Am 24. September machte sich Wegener mit dreizehn Grönländern und seinem Meteorologen Fritz Loewe auf den Weg, um das Lager mit dem Hundeschlitten zu versorgen, obwohl die Streckenmarkierungen inzwischen weitgehend unter Schnee begraben waren. Während der Fahrt erreichte die Temperatur -60 ° C (-76 ° F) und Loewes Zehen wurden so erfroren, dass sie mit einem Taschenmesser ohne Betäubung amputiert werden mussten. Zwölf der Grönländer kehrten nach West Camp zurück. Am 19. Oktober erreichten die verbliebenen drei Expeditionsmitglieder Eismitte. Da in Eismitte nur genügend Vorräte für drei vorhanden waren, nahmen Wegener und Rasmus Villumsen zwei Hundeschlitten und machten sich auf den Weg nach West Camp. Sie nahmen kein Futter für die Hunde und töteten sie nacheinander, um den Rest zu füttern, bis sie nur noch einen Schlitten fahren konnten. Während Villumsen den Schlitten fuhr, musste Wegener Skier benutzen, aber sie erreichten das Lager nie: Wegener starb und Villumsen wurde nie wieder gesehen. Die Expedition wurde von seinem Bruder Kurt Wegener abgeschlossen.

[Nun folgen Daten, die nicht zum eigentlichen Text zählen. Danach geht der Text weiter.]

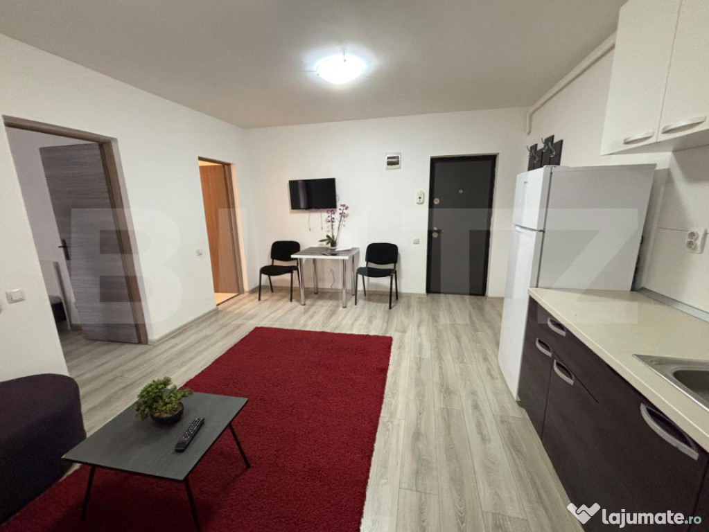 Blitz inchiriaza apartament cu 2 camere, situat in Floresti, in zona Catanelor. In proximitatea zonei exista acces pentru supermarket, magazine, fast food-uri, mijloace de transport in comun, etc. Apartamentul este pozitionat la parter al unui imobil alcatuit din 4 etaje si are o suprafata utila de 40 mp, cu o compartimentare modern gandita, respectiv decomandata, compusa din: bucatarie cu living, dormitor si baie .Cod ofertă / ID BLITZ: P154701
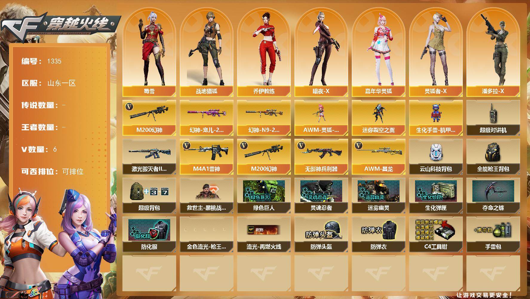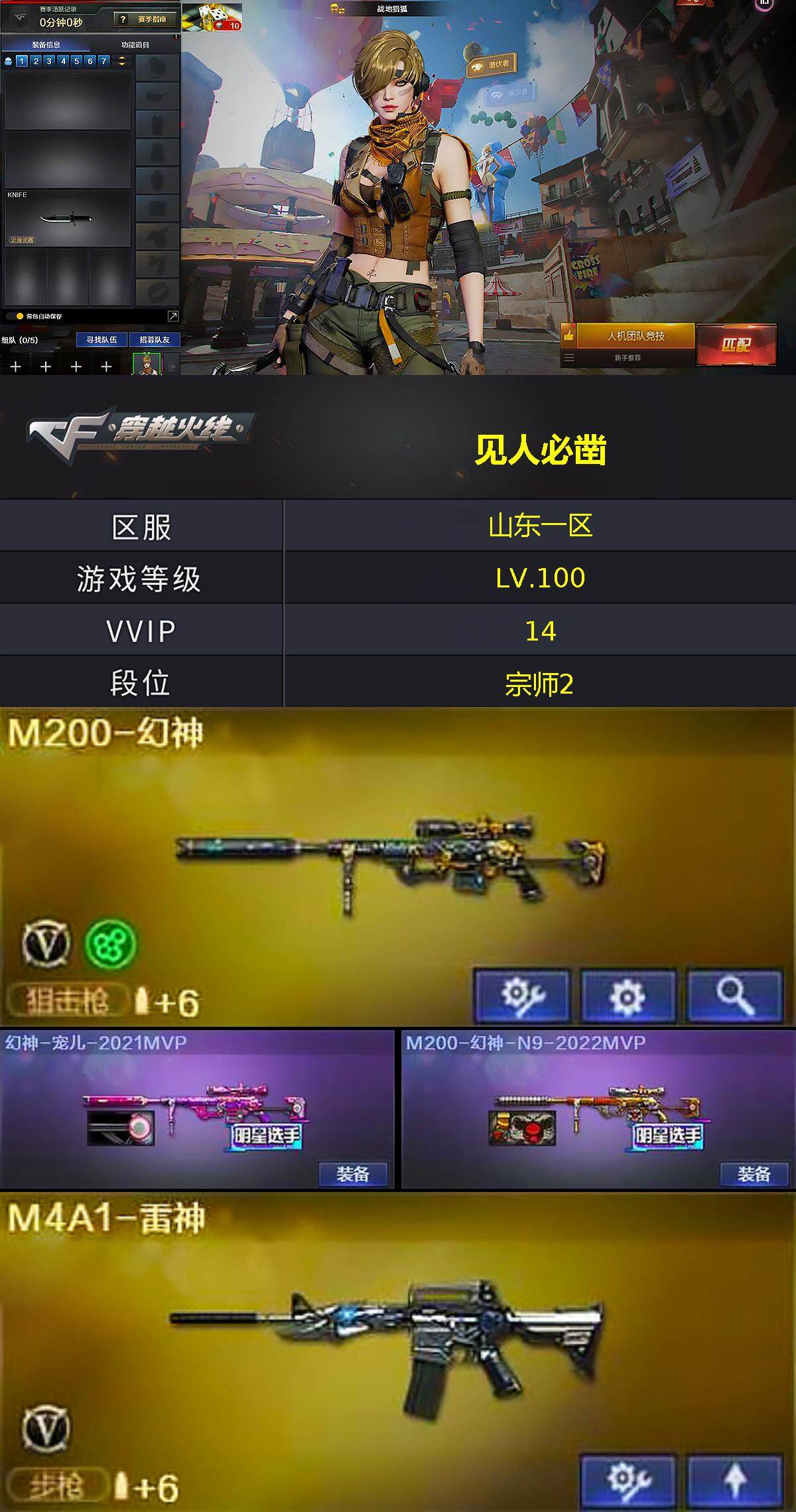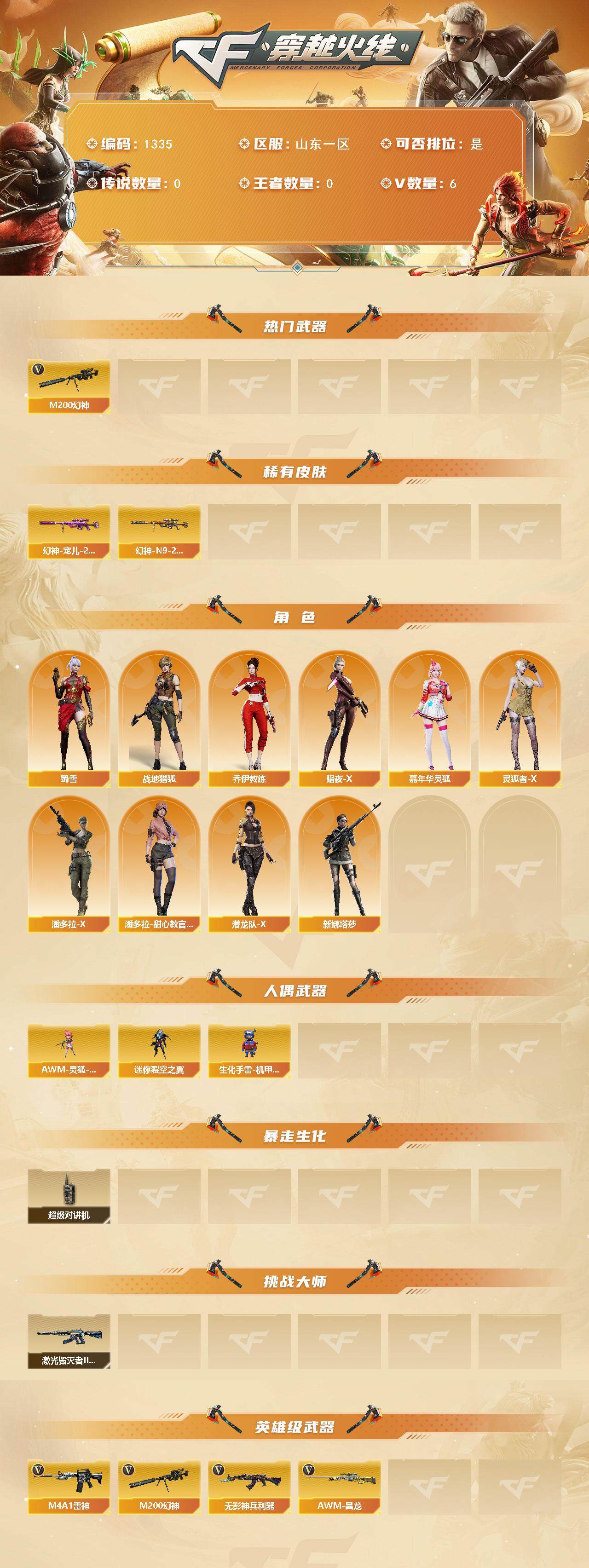 [15472406]山东一区-6V-0王者-0炫金 【热门武器】:M200-幻神 【皮肤】:幻神-宠儿-2021MVP,M200-幻神-N9-2022MVP 【角色】:战地猎狐,乔伊教练,暗夜-X,嘉年华灵狐,灵狐者-X,潘多拉-X,潘多拉-甜心教官,潜龙队-X,蜀雪,新娜塔莎 【人偶武器】:AWM-灵狐-15周年嘉年华*2,迷你裂空之翼,生化手雷-机甲核心*2 【暴走生化】:超级对讲机 【挑战大师】:激光毁灭者III-白马银枪 【英雄级武器】:M4A1-雷神,无影-神兵利器,M200-幻神,AWM-昌龙 【道具】:云山科技背包,全能枪王背包,超级背包,救世主-黑桃战神,绿色巨人,灵魂忍者,迷雾幽灵,生化弹匣,夺命之镰,防化服*3,金色流光-枪王排位*2,星辰流光-枪王排位,流光-再燃火线,防弹头盔*5,防弹衣*5,C4工具钳*5,手雷包*5 【特殊枪械】:

Diese Expedition inspirierte die Grönland-Expedition Episode von Adam Melfort in John Buchans 1933 Roman Ein Prinz der Gefangenschaft.
Tod
Wegener starb im November 1930 in Grönland, als er von einer Expedition zurückkehrte, um einer Gruppe von Forschern, die mitten in einer Eiskappe lagerten, Nahrung zu bringen. Er versorgte das Lager erfolgreich, aber es gab nicht genug Essen im Lager, um dort zu bleiben. Er und ein Kollege, Rasmus Villumsen, nahmen Hundeschlitten mit, um in ein anderes Lager zu reisen, obwohl sie es nie erreichten. Villumsen hatte den Körper mit großer Sorgfalt begraben, und ein Paar Skier markierten die Grabstelle. Nachdem er Wegener begraben hatte, hatte Villumsen seine Reise nach West Camp wieder aufgenommen, wurde aber nie wieder gesehen. Sechs Monate später, am 12.Mai 1931, entdeckte Kurt Wegener das Grab seines Bruders auf halber Strecke zwischen Eismitte und Westlager. Er und andere Expeditionsmitglieder bauten ein pyramidenförmiges Mausoleum in Eis und Schnee, und Alfred Wegeners Leiche wurde darin beigesetzt. Wegener war 50 Jahre alt und ein starker Raucher gewesen, und es wurde angenommen, dass er an Herzversagen gestorben war, das durch Überanstrengung verursacht worden war. Villumsen war 23, als er starb, und es wird geschätzt, dass sein Körper und Wegeners Tagebuch jetzt unter mehr als 100 Metern (330 Fuß) angesammeltem Eis und Schnee liegen.